=== Recorded data ===
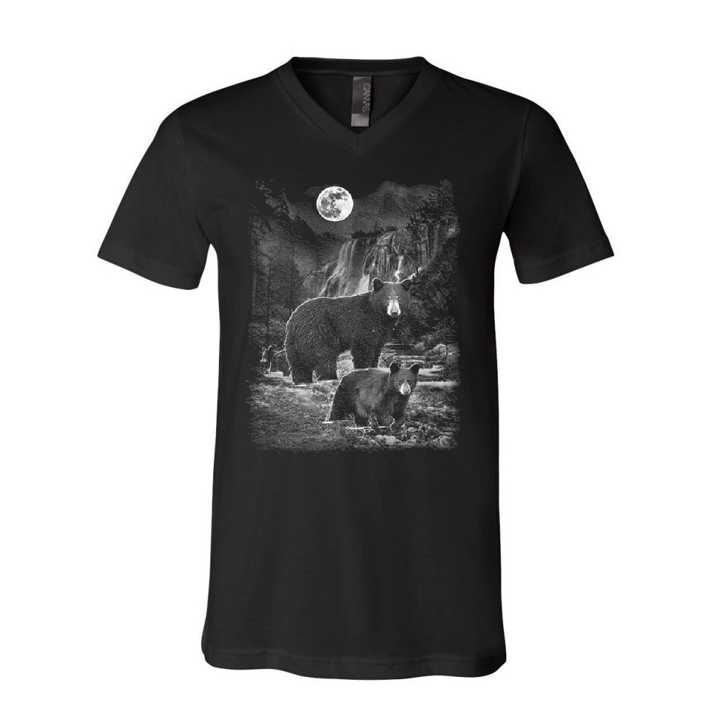 BEARS IN THE NIGHT v-neck t-shirt brown bear grizzly wilderness animals tee black
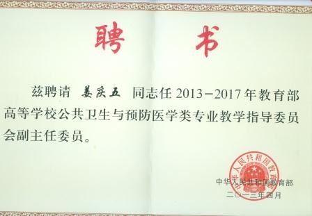 据悉,国家教育部近日发布聘书,聘任我院姜庆五教授为2013-2017年教育部高等学校公共卫生与预防医
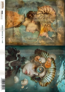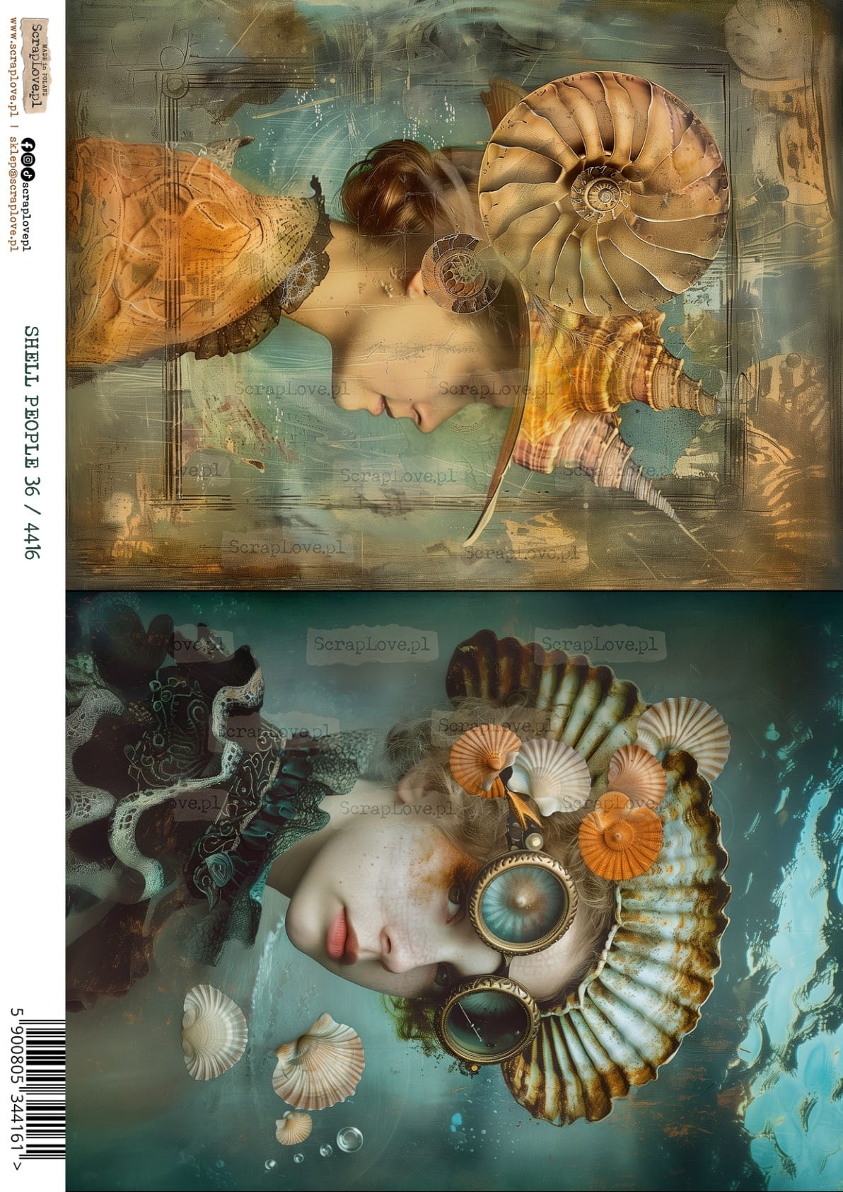 Muszla, Kobieta, Portret, Surrealizm, Morze, Ocean, Styl vintage, Kolory pastelowe, Fantazja, Natura, Morska istota, Rysunek, Ilustracja, Biżuteria z muszli, Styl renesansowy, Baśniowy świat, surrealizm, shell people, OCEAN, KOBIETA MUSZLA, MORSKIE, PODWODNY ŚWIAT
===
The line containing "据悉,国家教育部近日发布聘书" marks the start: set down exactly that line and every line after it through the last line of the data, without any pictures.

Answer space>
 据悉,国家教育部近日发布聘书,聘任我院姜庆五教授为2013-2017年教育部高等学校公共卫生与预防医
 Muszla, Kobieta, Portret, Surrealizm, Morze, Ocean, Styl vintage, Kolory pastelowe, Fantazja, Natura, Morska istota, Rysunek, Ilustracja, Biżuteria z muszli, Styl renesansowy, Baśniowy świat, surrealizm, shell people, OCEAN, KOBIETA MUSZLA, MORSKIE, PODWODNY ŚWIAT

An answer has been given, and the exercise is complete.